Nicolas : le but est toujours le même. Il s’agit de lutter contre la société à deux vitesses. Nous essayons d’éviter que se creuse un fossé entre ceux qui ont de l’argent et ceux qui en ont moins. Nous croyons beaucoup à la mixité des publics. C’est notre coeur de métier depuis les années 80. Quoique nous fassions, nous regardons toujours les problèmes globalement. Nous voyons les impacts sociaux au-delà des simples problèmes techniques. Nos crèches par exemple sont mixtes : elles accueillent tout aussi bien des enfants en situation de handicap que des enfants valides. Chaque public apprend de l’autre et c’est très bien. Même choses dans nos hôpitaux : que vous ayez les moyens ou pas, vous bénéficiez du même traitement : chambre individuelle, télé pour faire passer le temps etc..
Le groupe SOS a lancé un projet pour sauver 1000 cafés en zone rurale
Olivier : un projet dont vous êtes particulièrement fiers ?

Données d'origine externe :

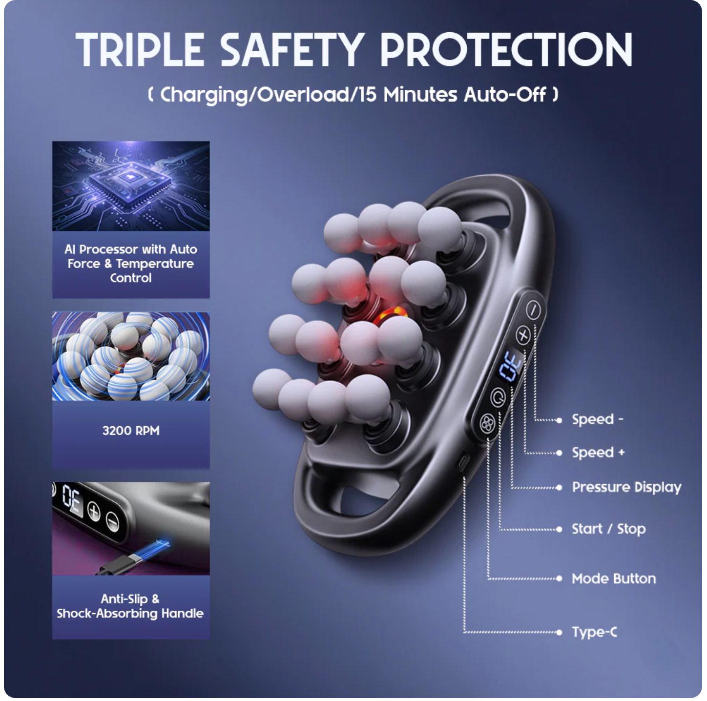 FeelFlow™ features an intuitive control panel that lets you adjust speed, pressure, and massage modes with one touch, while the built-in display shows real-time settings for full control. A smart processor manages force and temperature, delivering up to 3200 RPM with stable performance. Combined with Type-C charging, an anti-slip shock-absorbing handle, and triple safety protection — including overload control and 15-minute auto shut-off — FeelFlow™ is designed for powerful, safe, and effortless use.
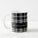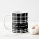 Personalise this stylish mug with your family name and date established or other custom text. Background pattern features a classic black and white tartan plaid pattern. A great accent for the fall and Christmas holidays.
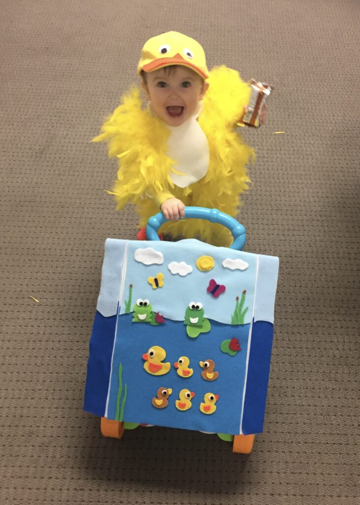 My favorite part of the costume was her little duck pond. She was just starting to walk so we had had gotten her a walker to use around the house. I wanted her to be able to use it to trick-or-treat instead of carrying her the entire time, so had planned to bring it with us. The night before I got the idea to make it look like a little duck pond using a white poster board and felt. Luckily I glued everything on since there were many little curious hands at daycare.
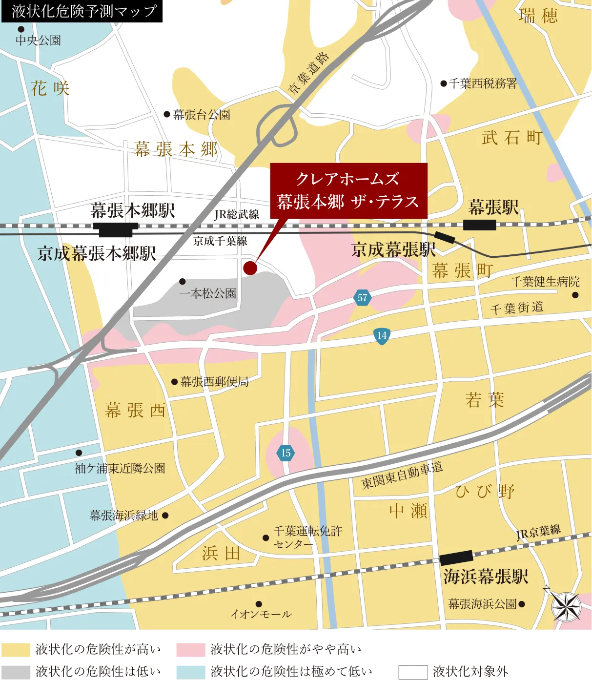 海に近い街だからこそ、大地の安心は大切にしたい。本物件が誕生する地は、液状化対象外という強さに支えられています。日常に寄り添い、未来を見据える選択です。※千葉市の資料に基づき描いたもので、災害時に被害がないことを保証するものではありません。

Nicolas : nous avons récemment construit un projet dont le but est de sauver 1000 cafés en zone rurale (moins de 3500 habitants) et qui a pour finalité de maintenir plusieurs services (relai Poste, accès internet, épicerie…)…) à disposition des habitants. Nous nous sommes également battus pour reprendre plusieurs hôpitaux qui allaient disparaître ce qui allait accroître la désertification médicale. Et plus généralement, nous fonctionnons un peu comme un laboratoire : nous partageons les constats de nos professionnels de terrain, nous essayons différentes solutions pour repérer celles qui fonctionnent le mieux et pour les faire connaître.
Nous sentons l’engagement citoyen croître
Olivier : des surprises ?
Nicolas : oui, les citoyens se rendent de plus en plus compte de la nécessité de s’engager et de ne plus simplement déléguer leur responsabilité à l’Etat, cela ne suffit plus. De même, beaucoup d’entreprises changent et réfléchissent à leur impact social et écologique. Nous nous trouvons donc en situation d’être leur plateforme de médiation : nous aidons les citoyens et les organisations à comprendre comment passer à l’action concrète. Les gens sont de plus en plus prêts à cela. De plus en plus de personnes entendent que l’engagement n’est pas simplement un devoir de charité mais bien un plaisir de construire ensemble. Et il y a un véritable défi pour nous à fédérer les publics autour de projets concrets et porteurs de sens afin de ne pas les laisser être submergés dans l’agressivité et les désespérances que suscitent les réseaux sociaux ou les informations souvent dramatiques. Il faut inverser la tendance. Nous avons récemment utilisé les réseaux sociaux du groupe pour proposer aux gens de parrainer un jeune en difficulté sociale ou scolaire, ou d’aider des personnes que nous accompagnons dans leur recherche de job. J’ai été surpris par le nombre important de personnes qui ont voulu apporter leur contribution. Il y a une prise de conscience. Chacun peut et doit jouer un rôle pour transformer positivement notre société.